Let's calculate the RMSE and MAPE of the final fit and compare them with the quadratic fit calculated earlier.

In [32]:
# Extract the final model predictions for the test period
final_test = data[data['month_start'] >= '2023-01-01'].final_model

# Calculate RMSE and MAPE for the final model
rmse_final = (mean_squared_error(y_test, final_test)) ** 0.5
mape_final = mean_absolute_percentage_error(y_test, final_test)

print("The Root Mean Squared Error (RMSE) of the final model is " + str(rmse_final))
print("The Mean Absolute Percentage Error (MAPE) of the final model is " + str(mape_final))

The Root Mean Squared Error (RMSE) of the final model is 1066132.9777233147
The Mean Absolute Percentage Error (MAPE) of the final model is 2.613675799991221


We observe a substantial improvement compared to the quadratic model predictions.

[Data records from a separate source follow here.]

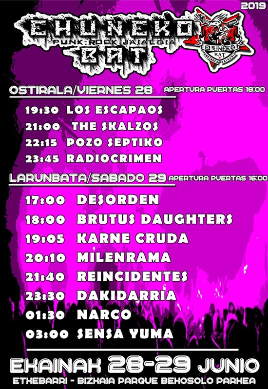 Estos son los horarios oficiales del Ehuneko Bat 2019, la próxima semana en Etxebarri, Bizkaia con grupazos como Narco, Dakidarria, Reincidentes, Karne Cruda...
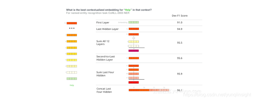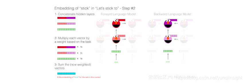 ELMo通过以某种方式将隐藏状态(和初始嵌入)组合在一起来提出情境化嵌入(连接后加权求和)。
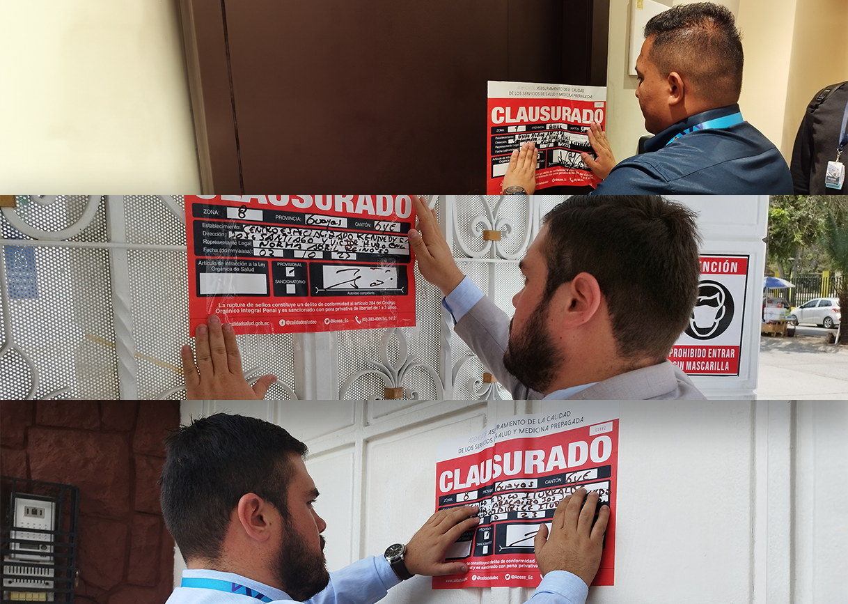 Varias irregularidades fueron evidenciadas durante inspecciones de vigilancia y control en las que, como resultado, clausuraron tres establecimientos de Guayaquil que ofertaban cirugías estéticas, dos como medida provisional de protección y una como medida cautelar dentro de un procedimiento administrativo sancionador.
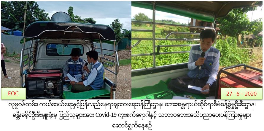 လူမှုဝန်ထမ်း၊ ကယ်ဆယ်ရေးနှင့်ပြန်လည်နေရာချထားရေးဝန်ကြီးဌာန၊ ဘေးအန္တရာယ်ဆိုင်ရာစီမံခန့်ခွဲမှုဦးစီးဌာန၊ ခန္တီးခရိုင်ဦးစီးမှူးရုံးမှ (၂၇-၆-၂၀၂၀) ရက်နေ့တွင် ခန္တီးမြို့နယ်၊ သာယာကုန်းေကျးရွာအတွင်း COVID-19 ကူးစက်ရောဂါအသိပညာပေးခြင်းနှင့် မိုးကြိုးဘေး၊ ရေဘေးအသိပညာပေးဆောင်ဩခြင်းများဆောင်ရွက်ခဲ့ပြီး လက်ကမ်းစာစောင်များဖြန့်ဝေခဲ့ကြောင်း သတင်းရရှိပါသည်။
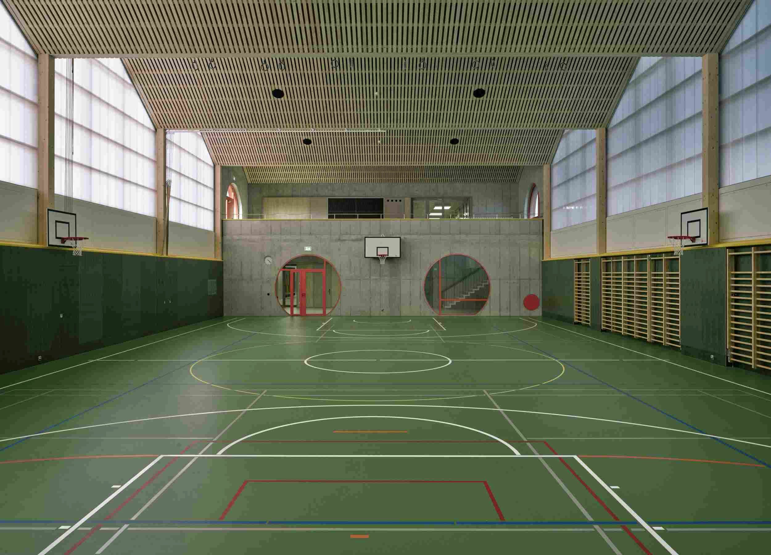 Die Rodeca-Fassade in der Turnhalle erzeugt eine angenehme Lichtatmosphäre.

While we haven't employed state-of-the-art forecasting methods in this analysis, the compositional approach applied to the 2023 data yielded moderate predictions. The primary focus here was on gaining insights into time series and its fundamental components.

In future analyses, we may explore more advanced forecasting models to enhance prediction accuracy.